In late 1984, he dropped the bombshell that he would be leaving Channel 5 to find work in L.A. Klonowski opposed the move, feeling they should stay in Cleveland. Ironically, her career flourished in L.A., where she handled marketing and public relations as the vice-president of a title insurance company.

"She's doing very well," Shanley said in 1987. "I get to cook and work in the yard. I just fixed the sprinkling system today."

He returned to Cleveland as sports anchor of WUAB Channel 43's new 10 p.m. news show in January 1988. His salary was said to be $70,000. As the most identifiable personality on the station, he was allowed to do 10 to 16 minutes of sports in the one-hour programs, far above the quotas allowed sports on other stations.

"I'm happy to be working here," Shanley said. "I'm happy to be working anywhere.This job is wonderful. I'll get home an hour earlier than I used to. I'm planning to be a lot more humble and pleasant."

Shanley gave a lot of airtime to young sportscasters Jeff Phelps and Ron Jantz. "I don't like to sit on camera too long and bore people," he said. "It's more efficient to divide it up."

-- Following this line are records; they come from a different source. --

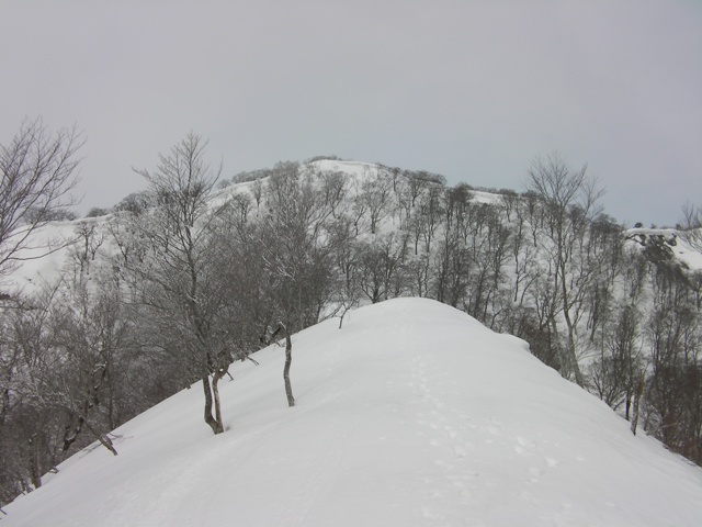 その標高点を過ぎて細尾根を行くと北側に雪庇ができている.
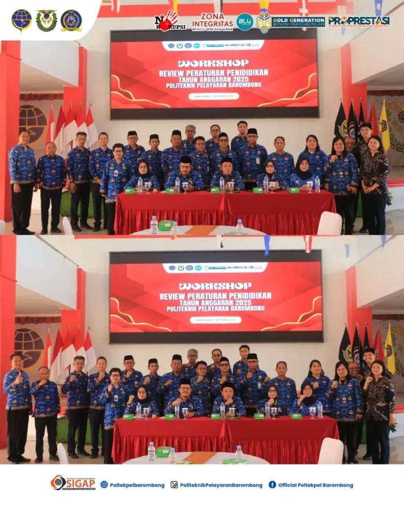 Makassar, 17 Oktober – Kegiatan ini bertujuan untuk meninjau kembali berbagai regulasi internal dan kebijakan akademik agar sejalan dengan kebutuhan industri pelayaran dan perkembangan dunia pendidikan yang semakin dinamis. Workshop ini melibatkan jajaran pimpinan, para dosen, serta tenaga kependidikan sebagai bagian dari proses reflektif dan kolaboratif untuk meningkatkan mutu layanan pendidikan di lingkungan Poltekpel Barombong.
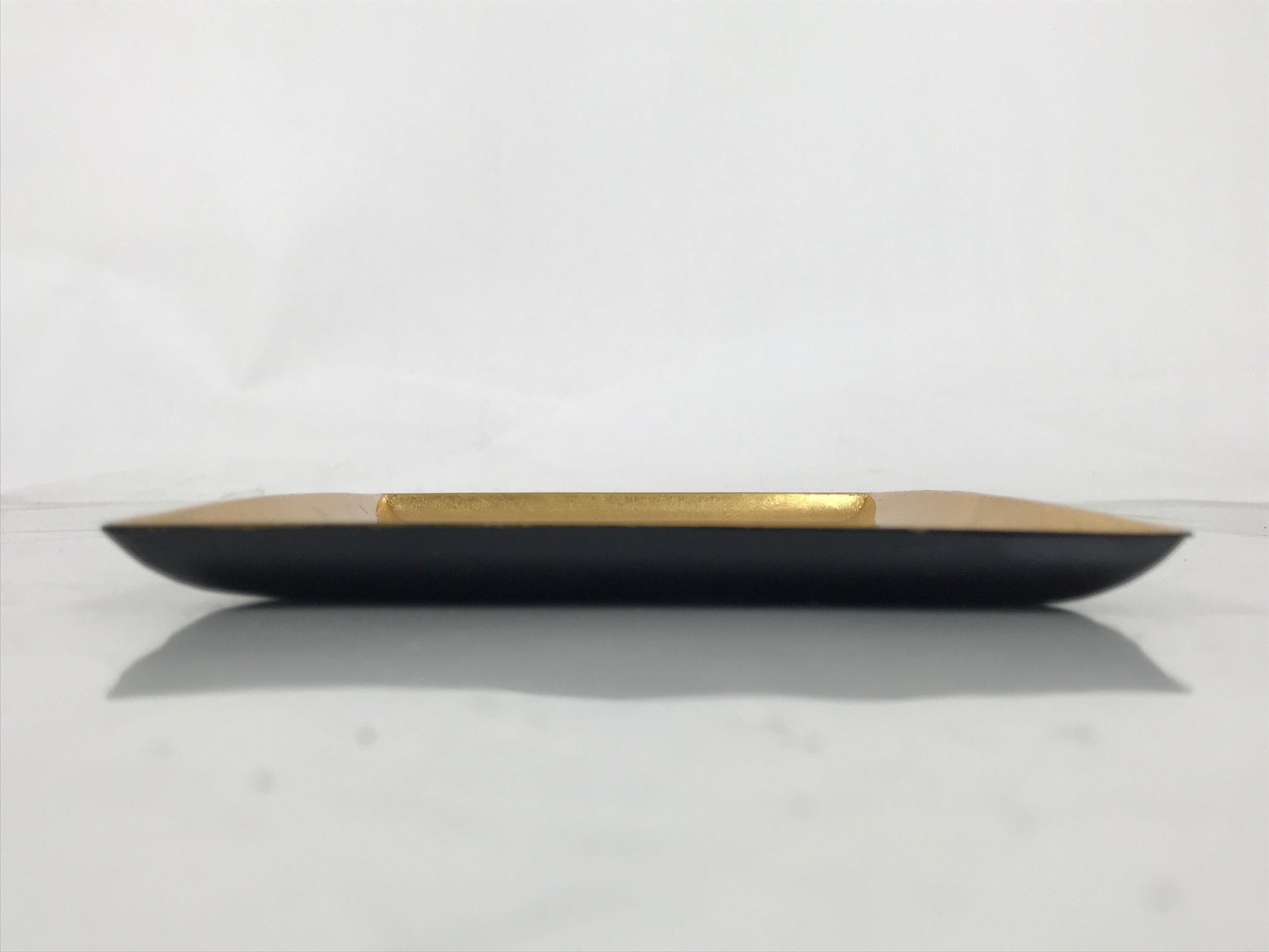 This is a vintage Japanese resin lacquer replica decorative tray, or Obon. It is small and the perfect size for jewelry, key, small trinkets, and also can be used as a money tray. A glossy black on the back side, this tray’s top side is decorated with gold leaf and hand-painted purple and green irises (hanashoubu). The gold leaf surface is secured with a clear lacquer coating. It comes in a white paper box.

Klonowski stayed in L.A. On Feb. 17, 1988, they announced they were amicably ending their seven-year marriage.

As the years went on, Shanley seemed increasingly bored with the TV job. He said sportscasting had changed since his heyday. "There's more entertainment now and not enough substance," he said.

Shanley left the station in December 1996, when his contract was not renewed, ending a remarkable 33-year Cleveland career.